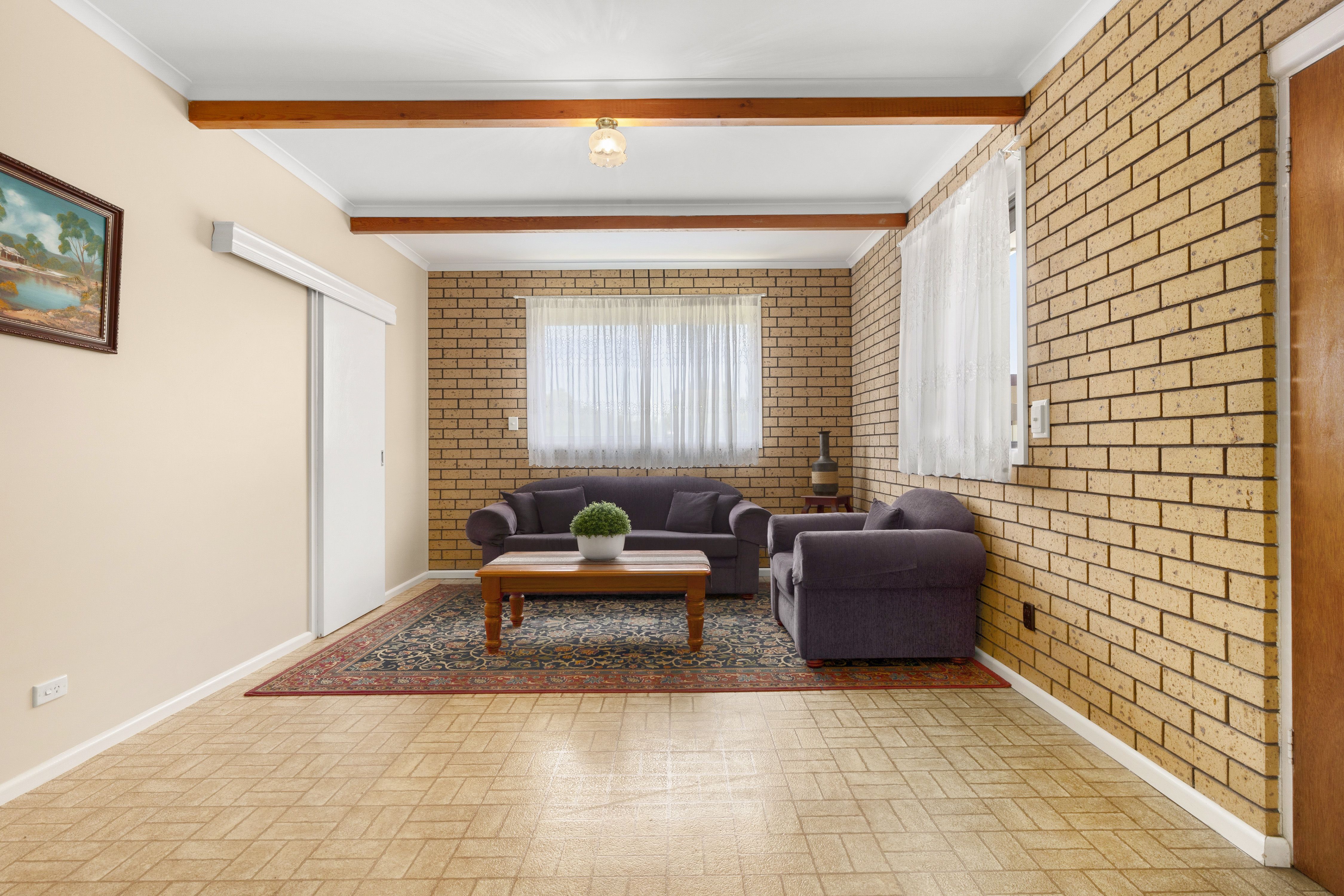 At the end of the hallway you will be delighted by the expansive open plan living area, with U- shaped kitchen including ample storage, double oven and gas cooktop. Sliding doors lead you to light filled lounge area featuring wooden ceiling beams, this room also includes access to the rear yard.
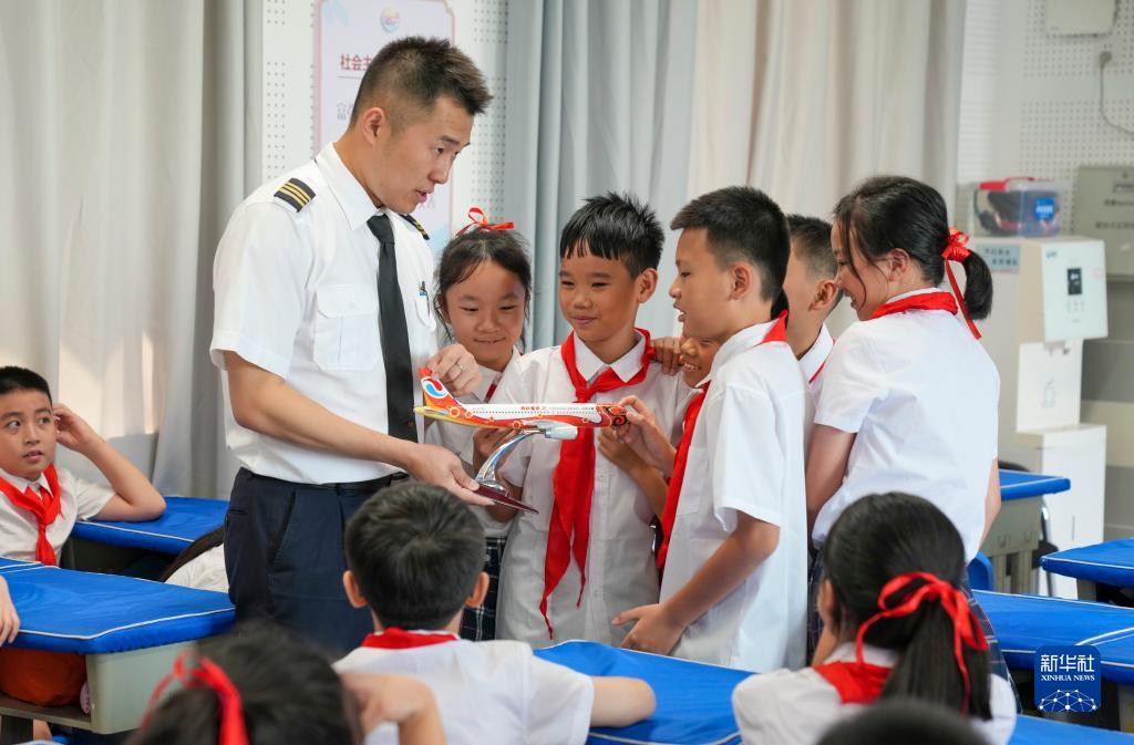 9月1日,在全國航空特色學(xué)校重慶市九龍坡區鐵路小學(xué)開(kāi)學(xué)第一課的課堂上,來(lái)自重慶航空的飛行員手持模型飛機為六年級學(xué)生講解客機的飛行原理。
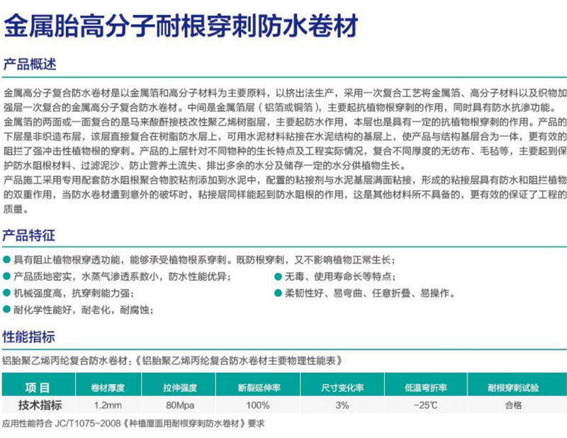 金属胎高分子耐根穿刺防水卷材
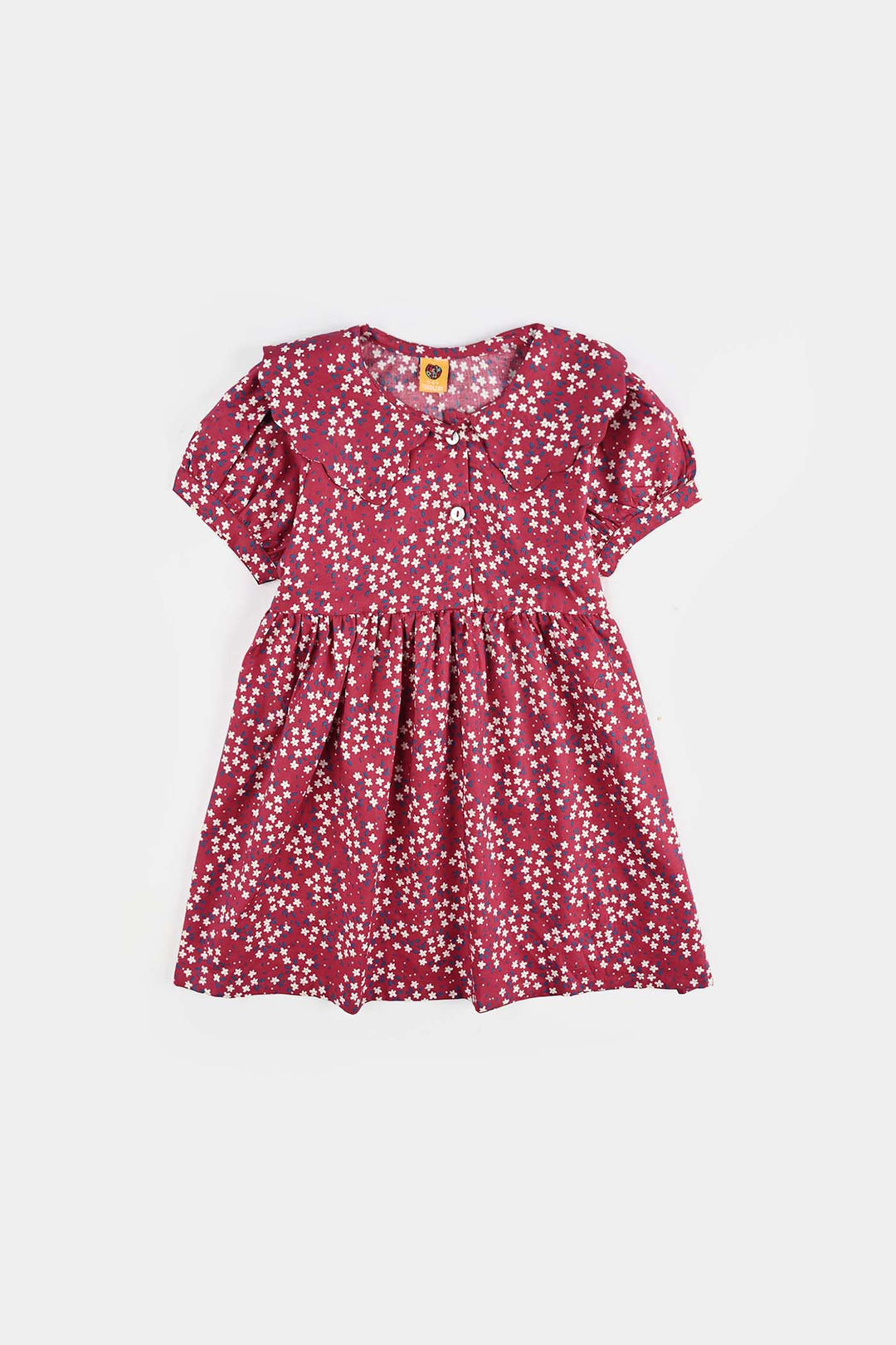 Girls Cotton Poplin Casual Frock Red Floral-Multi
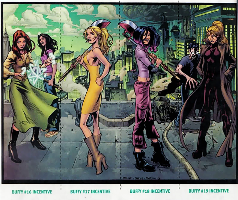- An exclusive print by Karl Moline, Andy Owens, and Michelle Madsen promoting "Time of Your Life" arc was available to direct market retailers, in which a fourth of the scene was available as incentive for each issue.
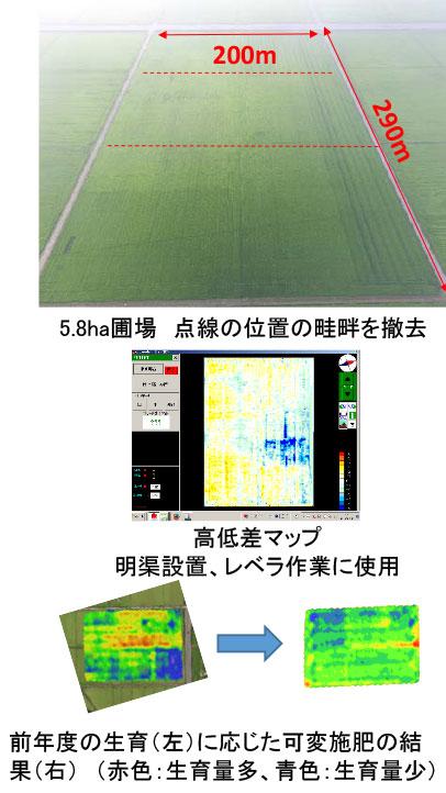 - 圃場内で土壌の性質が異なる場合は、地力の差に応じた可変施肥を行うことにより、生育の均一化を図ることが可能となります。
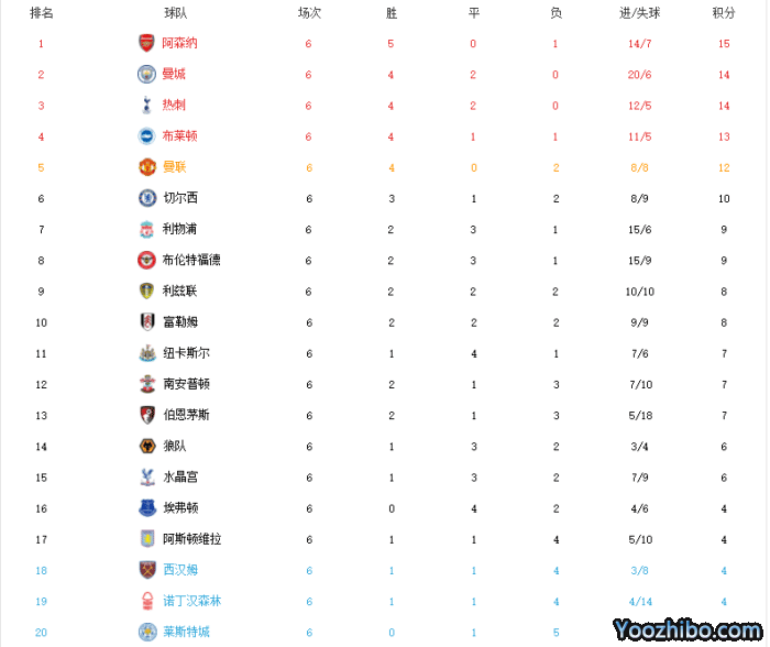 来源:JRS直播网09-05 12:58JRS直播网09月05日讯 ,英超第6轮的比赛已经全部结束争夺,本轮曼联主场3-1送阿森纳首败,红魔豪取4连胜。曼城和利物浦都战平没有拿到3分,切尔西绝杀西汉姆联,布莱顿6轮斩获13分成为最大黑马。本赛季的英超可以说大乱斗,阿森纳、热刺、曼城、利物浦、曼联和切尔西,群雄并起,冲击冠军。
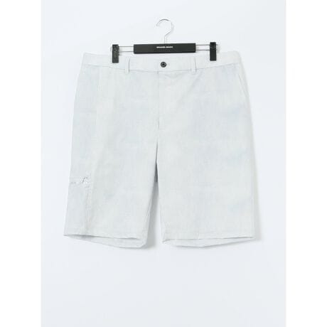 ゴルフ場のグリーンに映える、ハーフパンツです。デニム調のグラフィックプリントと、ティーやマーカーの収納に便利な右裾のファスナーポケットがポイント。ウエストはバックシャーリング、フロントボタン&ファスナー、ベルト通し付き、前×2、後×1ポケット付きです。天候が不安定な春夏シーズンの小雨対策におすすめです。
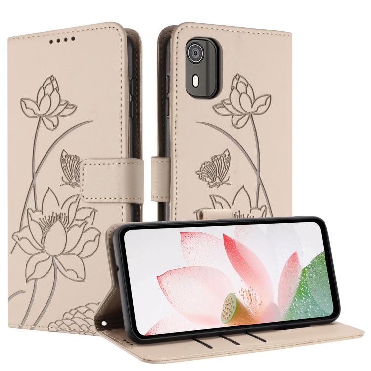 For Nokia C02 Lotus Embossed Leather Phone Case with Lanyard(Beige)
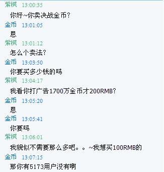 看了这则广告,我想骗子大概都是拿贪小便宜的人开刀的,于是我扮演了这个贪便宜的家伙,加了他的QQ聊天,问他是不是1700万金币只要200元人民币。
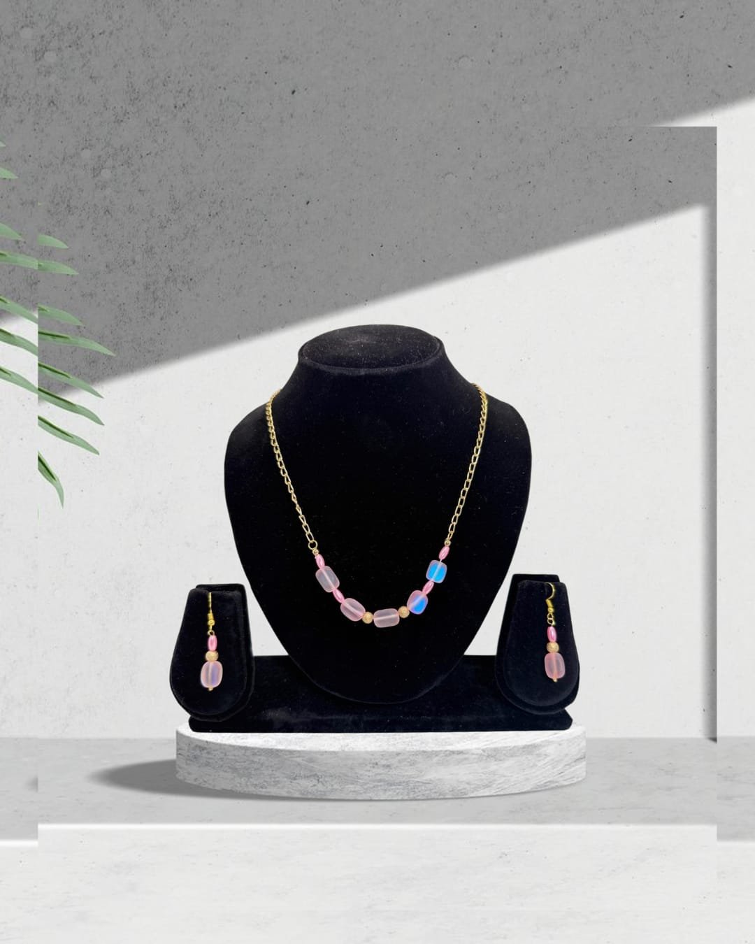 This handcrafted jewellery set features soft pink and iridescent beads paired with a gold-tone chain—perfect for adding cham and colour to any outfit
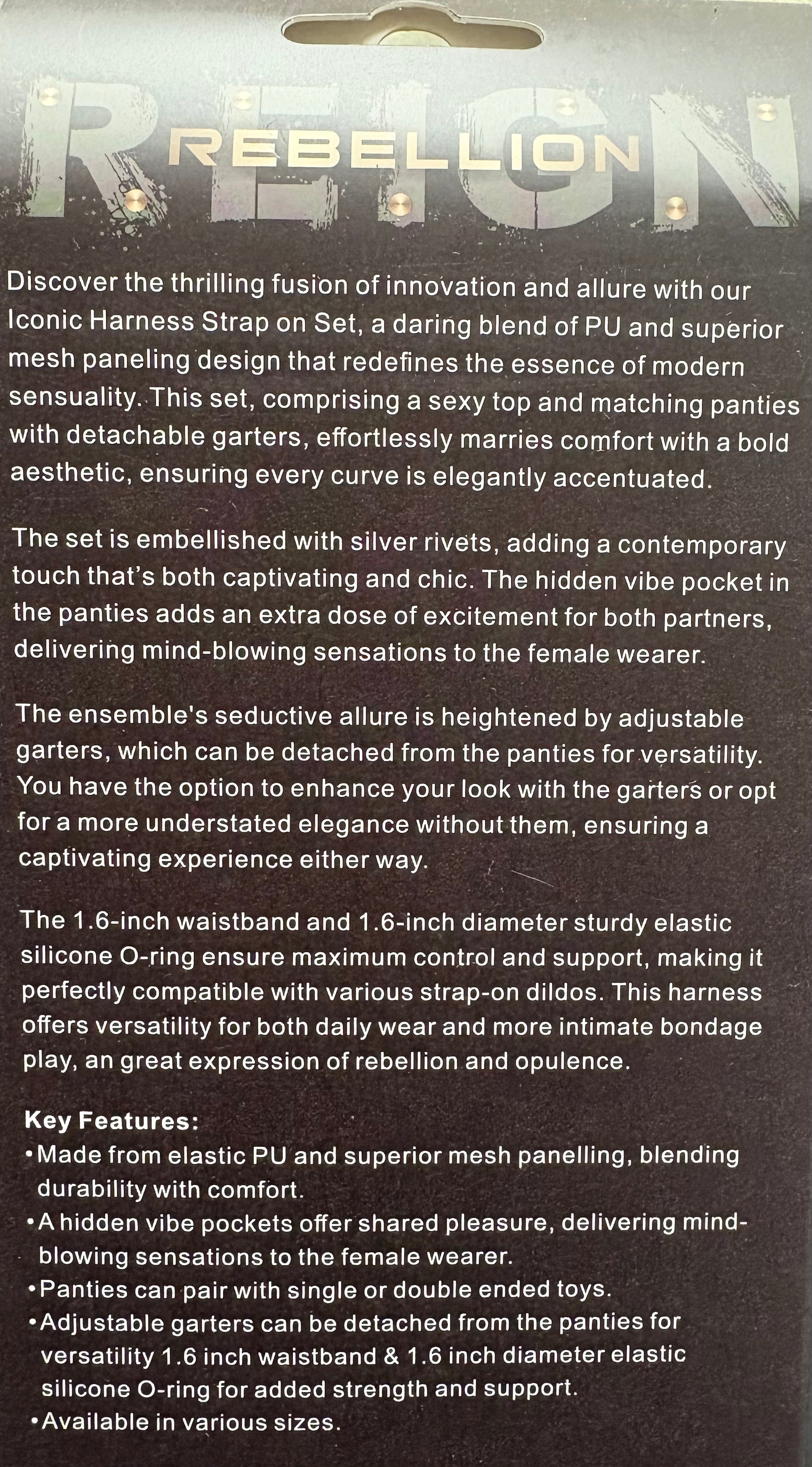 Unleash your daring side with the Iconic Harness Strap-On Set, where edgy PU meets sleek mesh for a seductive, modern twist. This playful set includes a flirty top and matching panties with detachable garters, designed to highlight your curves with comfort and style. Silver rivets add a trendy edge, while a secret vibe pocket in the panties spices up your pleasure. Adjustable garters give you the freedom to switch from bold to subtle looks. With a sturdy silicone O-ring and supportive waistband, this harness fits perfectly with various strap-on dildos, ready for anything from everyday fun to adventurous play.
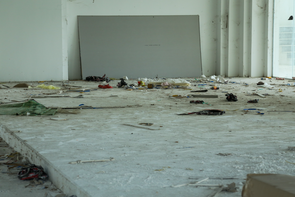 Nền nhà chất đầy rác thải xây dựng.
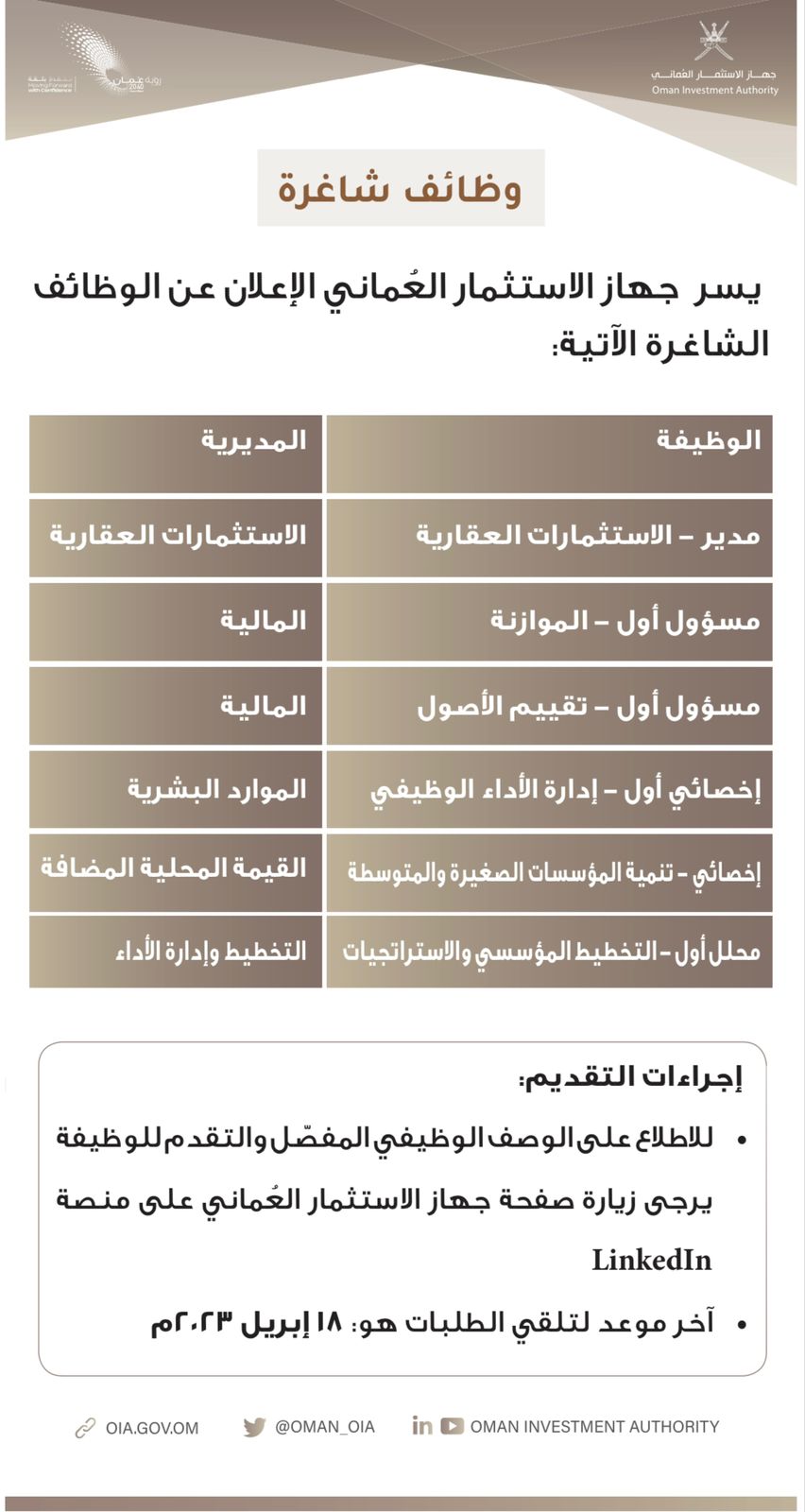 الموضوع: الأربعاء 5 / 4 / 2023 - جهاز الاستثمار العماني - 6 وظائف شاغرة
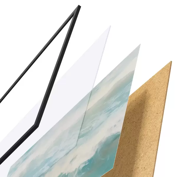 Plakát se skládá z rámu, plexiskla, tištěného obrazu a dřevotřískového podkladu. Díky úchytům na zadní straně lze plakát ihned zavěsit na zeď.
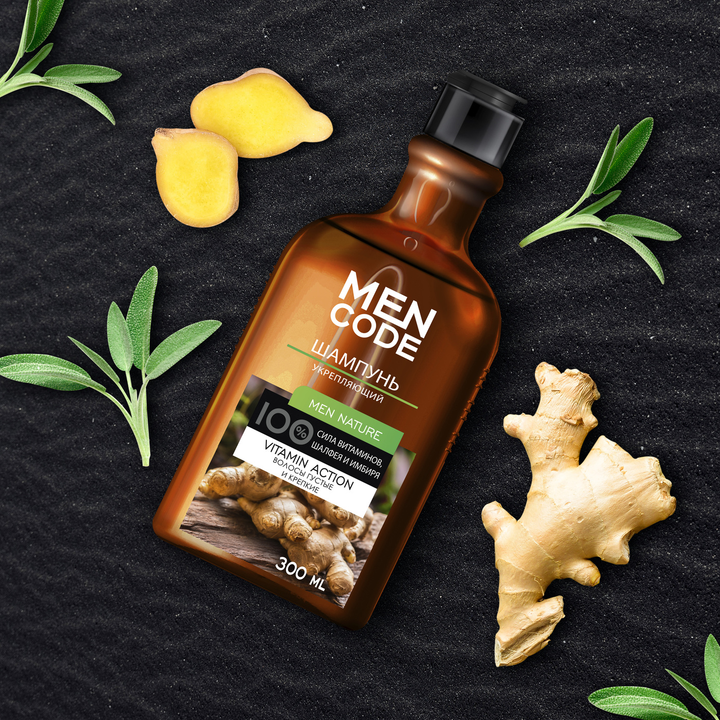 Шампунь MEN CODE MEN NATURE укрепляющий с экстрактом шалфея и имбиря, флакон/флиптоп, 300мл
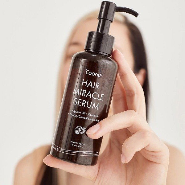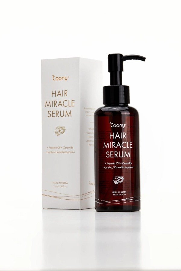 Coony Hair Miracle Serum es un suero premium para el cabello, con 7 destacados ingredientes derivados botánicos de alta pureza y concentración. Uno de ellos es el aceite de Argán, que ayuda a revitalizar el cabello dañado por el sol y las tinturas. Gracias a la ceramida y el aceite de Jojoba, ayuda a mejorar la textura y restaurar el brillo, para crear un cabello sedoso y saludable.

+---+

## [Task]
Exactly the lines from the one with "Nền nhà chất đầy rác thải xây dựng." through the end of the records should be written out, and only those. Pictures do not belong in the copy.

## [Written answer]
 Nền nhà chất đầy rác thải xây dựng.
 الموضوع: الأربعاء 5 / 4 / 2023 - جهاز الاستثمار العماني - 6 وظائف شاغرة
 Plakát se skládá z rámu, plexiskla, tištěného obrazu a dřevotřískového podkladu. Díky úchytům na zadní straně lze plakát ihned zavěsit na zeď.
 Шампунь MEN CODE MEN NATURE укрепляющий с экстрактом шалфея и имбиря, флакон/флиптоп, 300мл
 Coony Hair Miracle Serum es un suero premium para el cabello, con 7 destacados ingredientes derivados botánicos de alta pureza y concentración. Uno de ellos es el aceite de Argán, que ayuda a revitalizar el cabello dañado por el sol y las tinturas. Gracias a la ceramida y el aceite de Jojoba, ayuda a mejorar la textura y restaurar el brillo, para crear un cabello sedoso y saludable.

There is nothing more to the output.